= CEMP star =

Chemically peculiar stars

Carbon-enhanced metal-poor stars, usually referred to as CEMP stars, are a class of chemically peculiar star. CEMP stars have [C/Fe] > +1, which means compared to the Sun these stars have carbon enhanced at least ten times more than iron, and [Fe/H] < −1, meaning that iron is less than a tenth that in the Sun.

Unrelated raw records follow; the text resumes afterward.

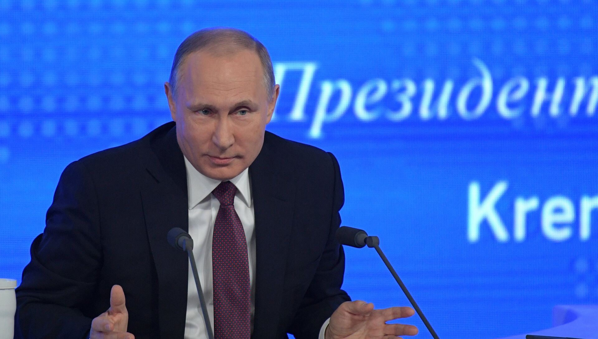 © РИА Новости / Григорий Сысоев | Перейти в медиабанкПрезидент РФ Владимир Путин на двенадцатой большой ежегодной пресс-конференции в Центре международной торговли на Красной Пресне. 23 декабря 2016
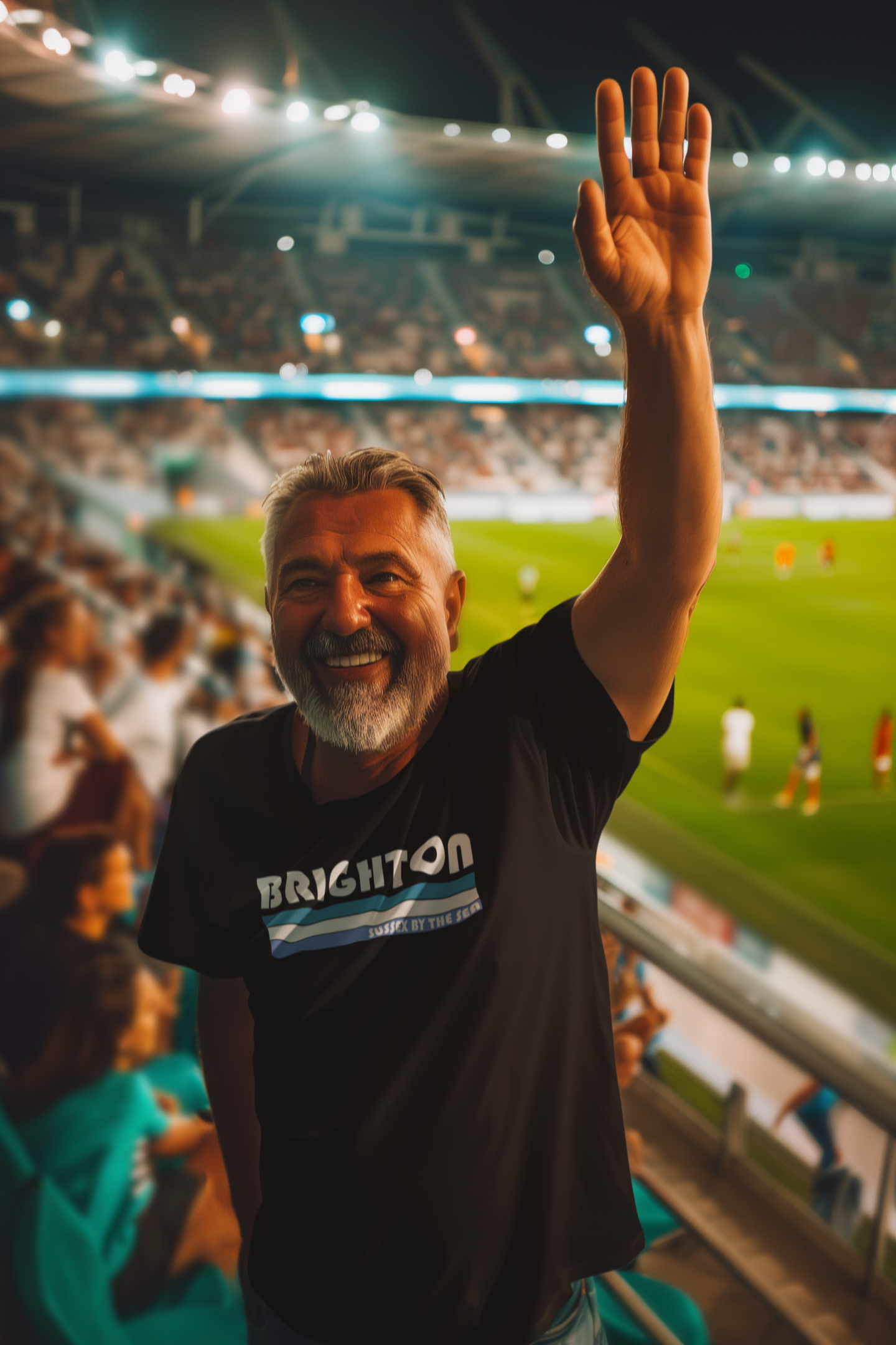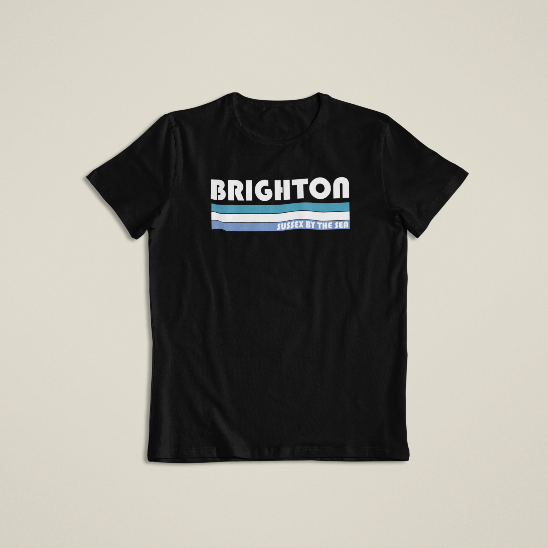 A classic T shirt printed across the chest with the Brighton 3 Stripes Logo
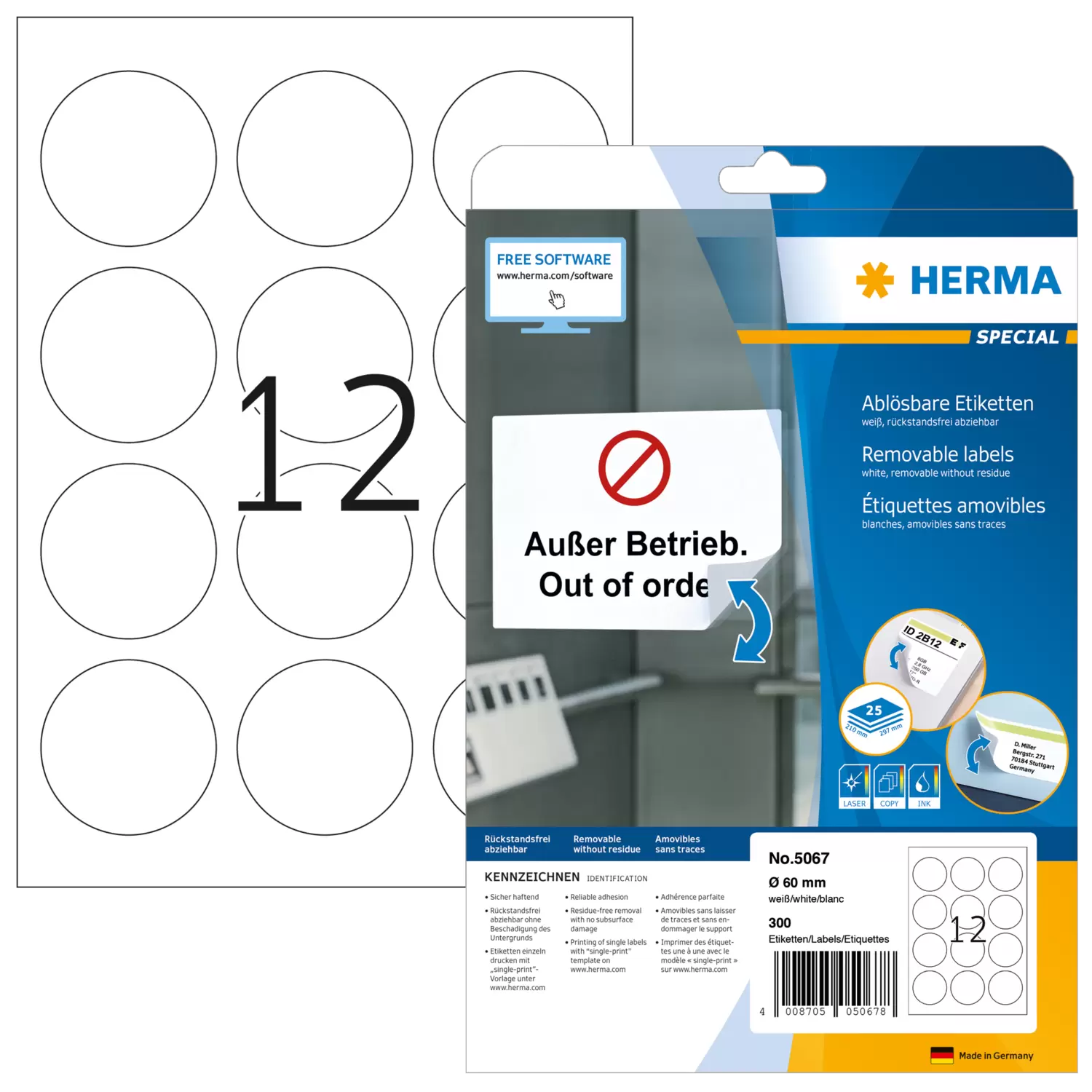 Etiquetas despegables, A4, Ø 60 mm, redondo blancas
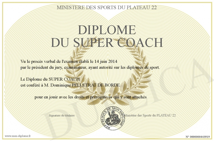 Envoyez par email votre Diplôme du SUPER COACH personalisé
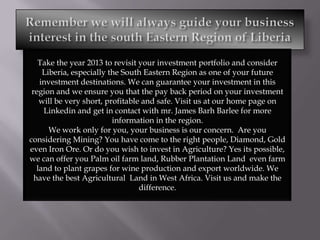 Liberia South Eastern Region Investment Brokers wishes prospective investors a successful business year in 2013 and encourages revisiting investment portfolios. They promote the southeastern region as a profitable and safe investment destination, particularly in mining and agriculture. Prospective investors are invited to contact them for more information and investment opportunities.
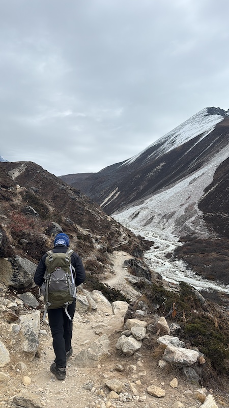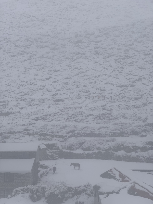 依照行程安排,我們會在 Dingboche 停留兩晚,和 Namche Bazaar 一樣,第二天會作為海拔適應日,會登上附近海拔約 5000 米的 Nangkartshang Peak,再回到Dingboche休息。誰知,當我們第二天早上醒來,推開窗戶,眼前竟是一片陌生的白茫茫——昨夜悄然下起了大雪,把整個村莊覆蓋。這場突如其來的雪似乎打亂了原定計劃,Ram 和幾個導遊聚在一起商量:要不要依計劃行動。
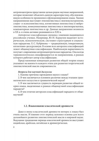 Аннотация: Рассмотрены основные этапы развития лингвистической науки, фундаментальные теоретические проблемы. Приведены таблицы, позволяющие систематизировать материал по изученным теоретическим вопросам, и задания, обеспечивающие необходимый уровень усвоения тем, а также способствующие самостоятельному научному поиску. Предназначено для магистрантов, обучающихся по направлению «Лингвистика». Может быть полезно студентам других направлений, а также широкому кругу читателей, интересующихся общетеоретическими проблемами лингвистики.
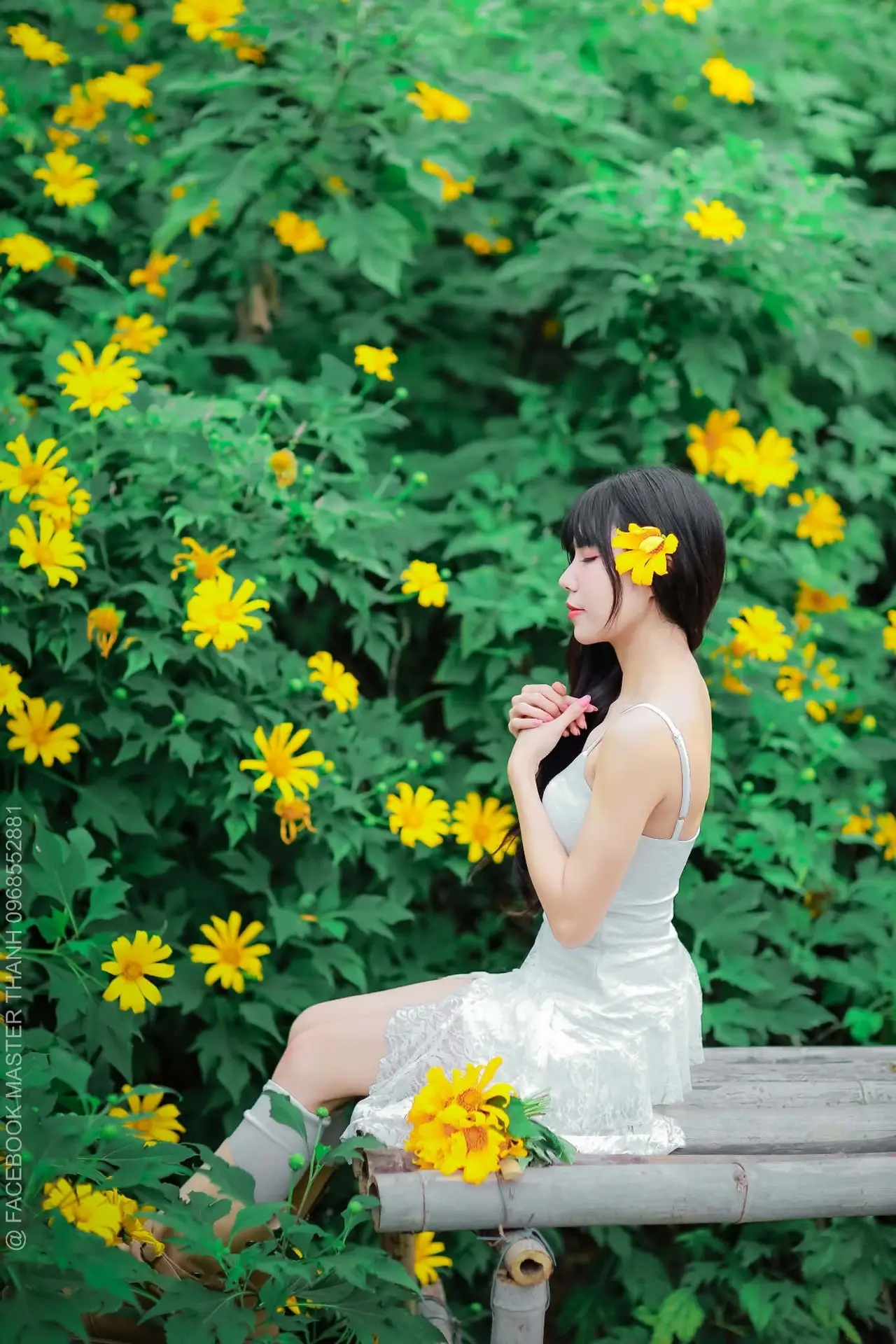 In a breathtaking natural setting bathed in vibrant yellow hues, a young woman in a pristine white dress emerges like a muse amidst a blooming flower garden. With her long dark hair gently adorned by a single yellow flower, she radiates a delicate pure and captivating beauty. The graceful woman sits serenely on a rustic bamboo bench, her hands gently clasped, gaze softly directed forward, creating a moment of quiet contemplation and deep emotion. Surrounding her, clusters of golden yellow Mexican sunflowers are in full bloom, forming a lively and spirited backdrop. This photograph beautifully captures not only the woman's enchanting presence but also the wonderful harmony between human elegance and the splendor of nature, evoking a sense of tranquility poetic charm and inspiration.#WhiteDressBeauty #YellowFlowerGarden #NatureMuse #GracefulWoman #FloralBeauty
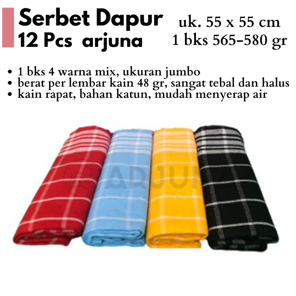 Serbet Dapur 12 Pcs Tebal Kain Lap Kotak Tangan
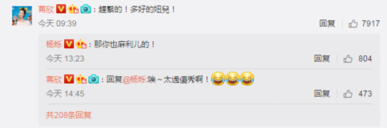 值得一提的是,《欢乐颂》中樊胜美扮演者蒋欣也来凑热闹,“赶紧的!多好的妞儿!”而杨烁也催蒋欣“麻利儿的”,结果对方回应称:“唉,太过优秀啊!”
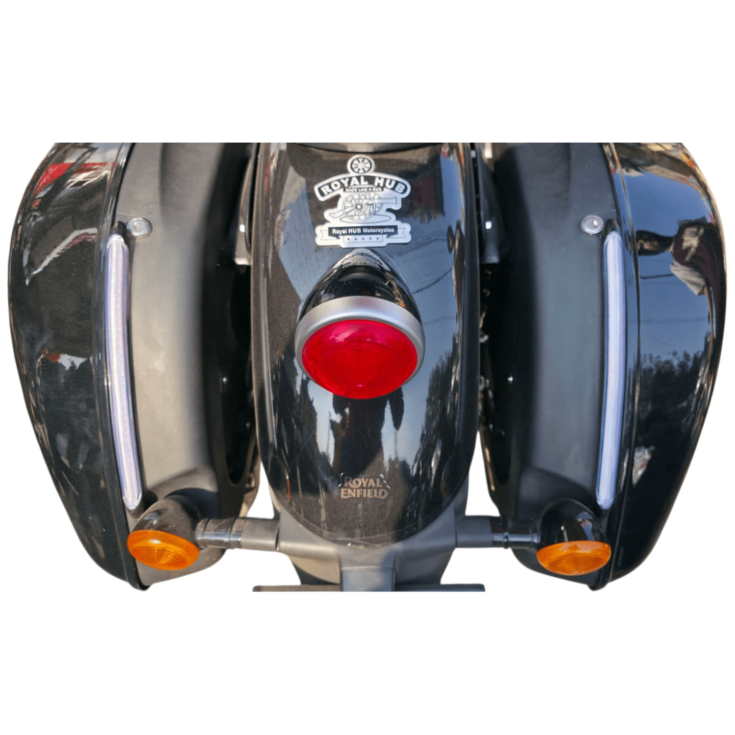 Bright LED pannier lights for Royal Enfield Super Meteor 650. Perfect fit, enhanced visibility, and stylish factory look.

These are further categorized by whether r-process or s-process elements are enhanced. CEMP-no stars have no enhancement. Some of these are the earliest formed in the Milky Way. The others are termed CEMP-r, CEMP-s, or CEMP-r/s. Metal-poor stars are more likely to be CEMP stars, and once [Fe/H] < −5.0, then all the stars are CEMP stars.

==Subdivisions==
CEMP-r stars have [Eu/Fe] > +1 and [Ba/Eu] < 0.

CEMP-s stars have [Ba/Fe] > +1 and [Ba/Eu] > +0.5 80% of CEMP stars fall into this category.

CEMP-r/s stars have [Ba/Eu] between 0 and +0.5 so they are under the level for CEMP-s stars.

CEMP-no stars have [Ba/Fe] < 0. About 20% of CEMP stars fall into this category.